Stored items
════════════════════

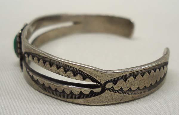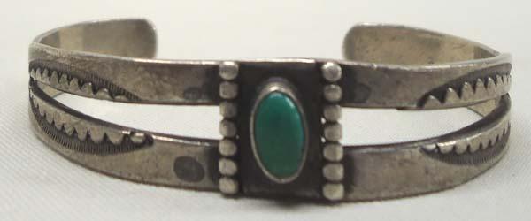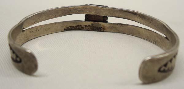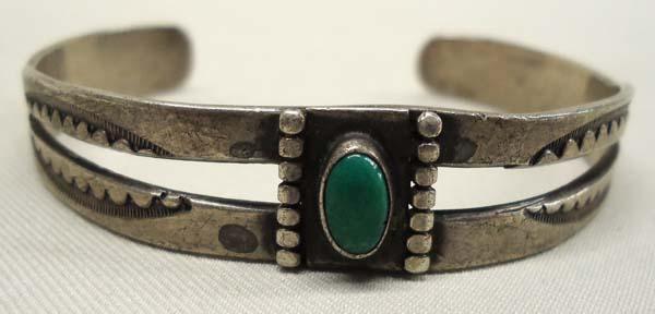 1940 Native American Navajo Bracelet. Split band, silver and turquoise. Measurement in Inches - Inside Length(Including Opening) 5 1/2'' x 1/3'' Width. Buyers Pay Actual Shipping and Handling Charges(see terms and conditions for more information).
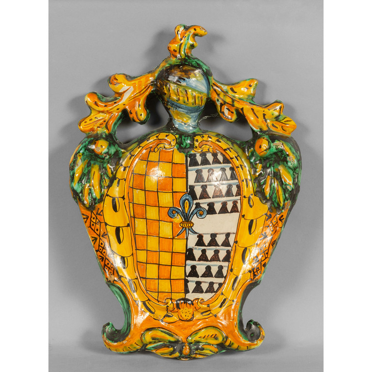 Precedente Lotto 1171 Successivo Aste Boetto - Via Mura dello Zerbino 10R, 16122 Genova ASTA DI ANTIQUARIATO Asta di Antiquariato giovedì 7 marzo 2024 ore 15:00 (UTC +01:00) OGGETTISTICA Stemma in maiolica policroma Montelupo sec.XVIIIcm. 36x50
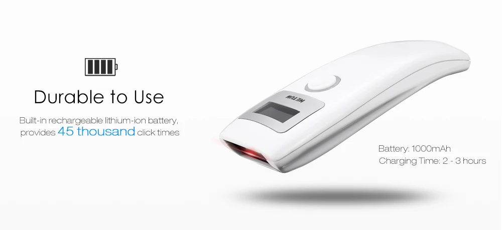Integrated 1000mAh rechargeable lithium-ion battery, the button's service life reaches up to 45 thousand times. IP41 waterproof level, 1.5m shockproof, more durable, you don't worry about that the scan screen will be broken easily and the dust effects it operates
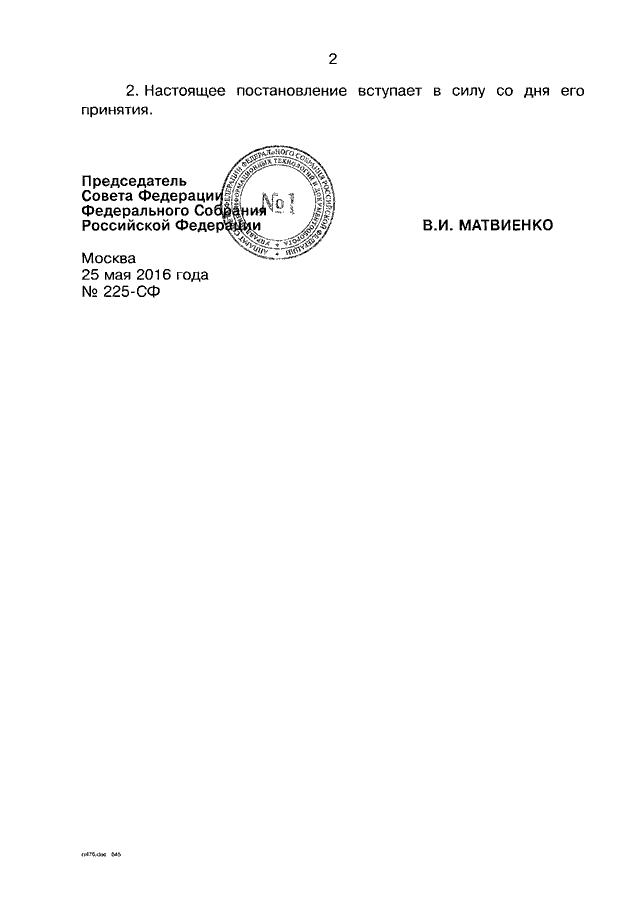 ПОСТАНОВЛЕНИЕ СФ ФС РФ от 25.05.2016 N 225-СФ
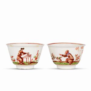 COPPIA DI TAZZINE, MANIFATTURA DI MEISSEN, 1740 in porcellana dipinta in policromia, forma di ispirazione orientale [..]
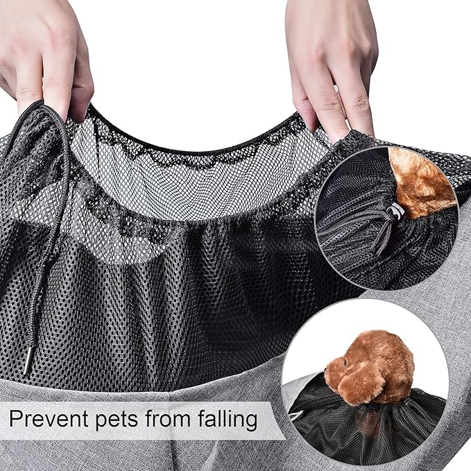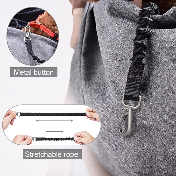 • SAFE: If your pet gets bored and decides to jump out of it, the collar clip and air mesh could prevent the pet from falling. The metal clip is attached to a sturdy and elastic string, make sure clip it to the collar or harness before moving. Black air mesh is breathable and soft, your pets would not hate it.
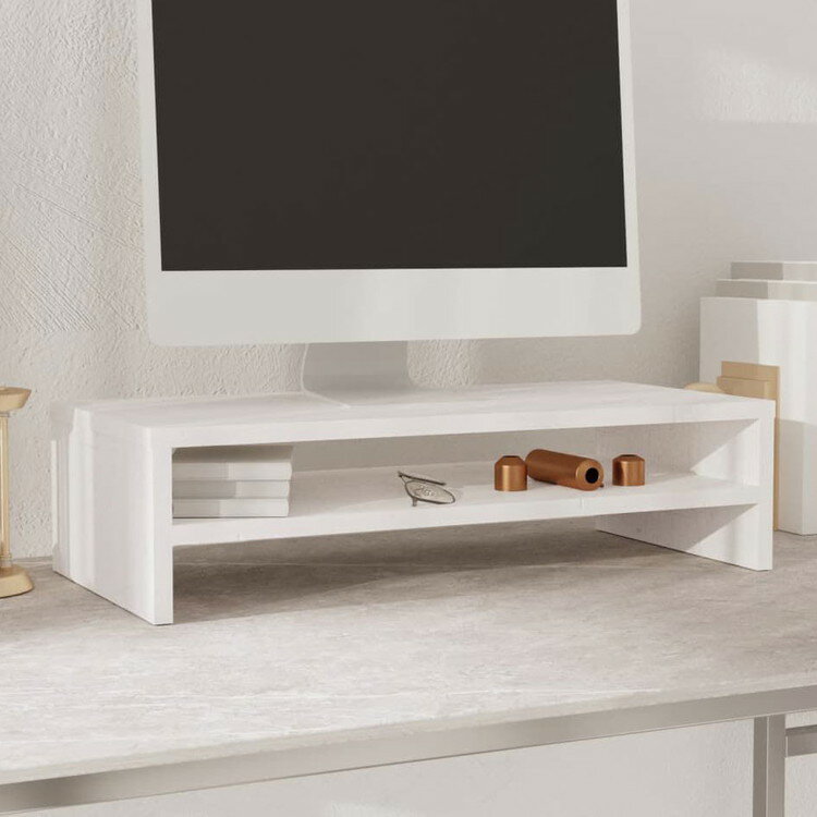 vidaXL モニタースタンド ホワイト 50x24x13 cm パイン無垢材家具AVラック・テレビ台(代引不可)
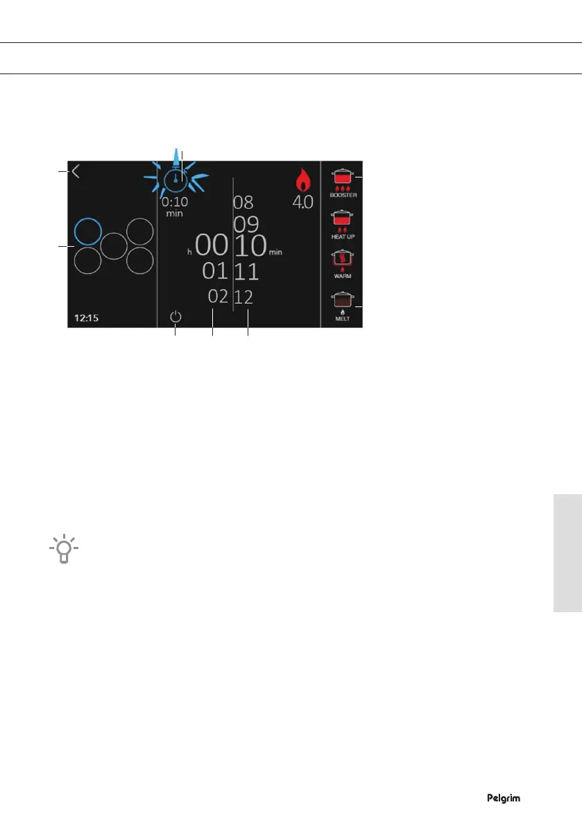 ▷ The blue cooking zone is active; the timer can be set for this cooking zone.

════════════════════

What is needed ->
Nothing but an exact copy of the data above, minus its pictures, should appear in the response.

Exercise output ->
 1940 Native American Navajo Bracelet. Split band, silver and turquoise. Measurement in Inches - Inside Length(Including Opening) 5 1/2'' x 1/3'' Width. Buyers Pay Actual Shipping and Handling Charges(see terms and conditions for more information).
 Precedente Lotto 1171 Successivo Aste Boetto - Via Mura dello Zerbino 10R, 16122 Genova ASTA DI ANTIQUARIATO Asta di Antiquariato giovedì 7 marzo 2024 ore 15:00 (UTC +01:00) OGGETTISTICA Stemma in maiolica policroma Montelupo sec.XVIIIcm. 36x50
Integrated 1000mAh rechargeable lithium-ion battery, the button's service life reaches up to 45 thousand times. IP41 waterproof level, 1.5m shockproof, more durable, you don't worry about that the scan screen will be broken easily and the dust effects it operates
 ПОСТАНОВЛЕНИЕ СФ ФС РФ от 25.05.2016 N 225-СФ
 COPPIA DI TAZZINE, MANIFATTURA DI MEISSEN, 1740 in porcellana dipinta in policromia, forma di ispirazione orientale [..]
 • SAFE: If your pet gets bored and decides to jump out of it, the collar clip and air mesh could prevent the pet from falling. The metal clip is attached to a sturdy and elastic string, make sure clip it to the collar or harness before moving. Black air mesh is breathable and soft, your pets would not hate it.
 vidaXL モニタースタンド ホワイト 50x24x13 cm パイン無垢材家具AVラック・テレビ台(代引不可)
 ▷ The blue cooking zone is active; the timer can be set for this cooking zone.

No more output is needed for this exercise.